Jetpack 5.15: Jetpack 5.15 is a specific version of the Jetpack SDK, which includes support for the Linux kernel version 5.15.

log 202509: This appears to be a log file or a reference to a log entry, possibly related to a kernel oops dump or another error message.

kernel oops zip 3064 KB: This suggests that the kernel oops dump has been compressed into a ZIP file, which is approximately 3064 KB in size.

In summary, the question appears to be related to a kernel error or crash on a Jetson Orin NX module, possibly running Jetpack 5.15. The error message has been logged and compressed into a ZIP file.
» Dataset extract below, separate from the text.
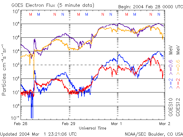 2004/ 3/ 2 08:22 更新 高速太陽風が続いています。オーロラ活動が活発になっています。 担当 篠原 太陽風の速度(ACEデータの黄色線)が高い状態が続き、600〜700km/秒の間で推移しています。 磁場の強さ(白線)も5nTの強さを保っており、 南向き成分(赤線のマイナス成分)が現れるとオーロラ活動が活発になっています。 1日22時〜2日6時(世界時1日13時〜1日21時)にかけて南向き成分が大きかった時間帯がありますが、 AE指数のグラフを見ると、この時間にオーロラ活動が活発になっていた事が分かります。 今後も、太陽風の速度が高い間は、太陽風磁場の南向き成分に対応して、 オーロラ活動が激しくなる事があるでしょう。 また、高速風の影響で静止軌道上の高エネルギー電子が急速に増加しています(1枚目の図)。 図の赤・青線が10の4乗の線を越えると、衛星に障害が起こり易くなると言われています。 この状態はしばらく続くと思われますので、注意が必要でしょう。 高速風の原因であるコロナホールですが、SOHO EIT284カメラの太陽画像に見られる様に、 一番広い領域が地球へ影響を及ぼす位置である西寄り(右寄り)の位置に来ています。 今日辺りが高速風のピークになるのではないでしょうか。 これからやってくるコロナホール(コロナホールの左半分側)は、 北半球側にやや緯度の高い領域に延びています。 このため、地球への影響はやや弱まる可能性があります。 太陽黒点の564群はいよいよ西縁に没しつつあります。 フレア(太陽爆発)活動もすっかり弱まり、目立った黒点群も無いので、 しばらく静かな状態が続くでしょう。 GOES衛星による、静止衛星軌道における高エネルギー電子の変化 (c) NOAA/SEC ![]() SOHO衛星のEIT284カメラの映像 (c) SOHO (ESA & NASA)
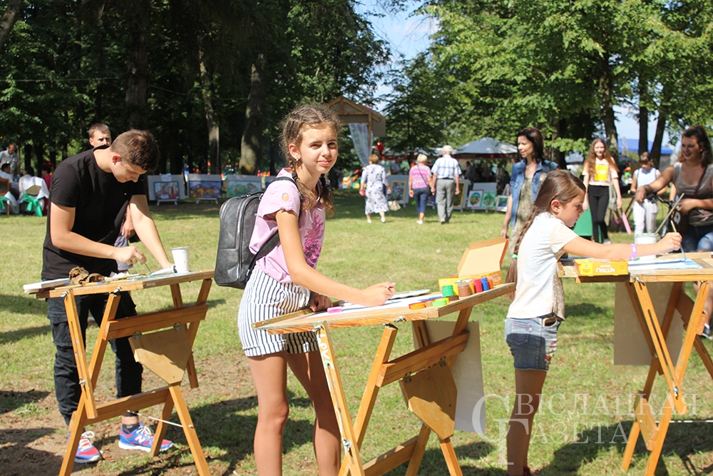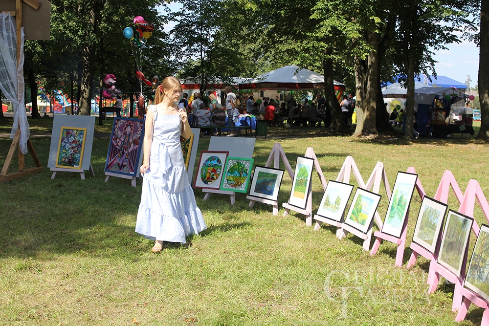 Большое разнообразие сувенирной продукции было представлено на торговых площадках белорусских производителей и ремесленников, которые приехали на праздник не только с разных уголков нашей области, но и республики. Отсюда, вот уж никак невозможно было уйти домой без памятного сувенира. Ведь глаза просто разбегались! Начиная от текстильных, деревянных изделий, изделий из камня и стекла, заканчивая милыми мягкими игрушками и именными кружками. А тот, кто мог затратить немного времени и проявить терпение, имел возможность вернуться с праздника со своим портретом, нарисованным художником.

If you’re experiencing issues with your Jetson module, I recommend checking the NVIDIA forums or documentation for troubleshooting guides and support resources.

Comparison with other Jetson modules:

  • The Jetson Orin NX series is similar to the Jetson Orin Nano series, but with more powerful processors and more memory options.
  • The Jetson AGX Orin series is a more powerful and feature-rich version of the Jetson Orin NX series, with more advanced AI and computer vision capabilities.
  • The Jetson Xavier NX series is a previous generation of Jetson modules, which may not have the same level of performance or features as the Jetson Orin NX series.

Please note that this answer is based on the provided context and may not be comprehensive or entirely accurate. If you have further questions or clarification, please feel free to ask!

*** Please give the thumbs up if you get answers you like. Or provide feedback to help us improve the answer. ***

Sorry for the late response.
Is this still an issue to support? Any result can be shared?

Yes, this is still an issue. In our application, there are many call stacks that cause system oops, so we have temporarily rolled back to Jetpack 5.1.2.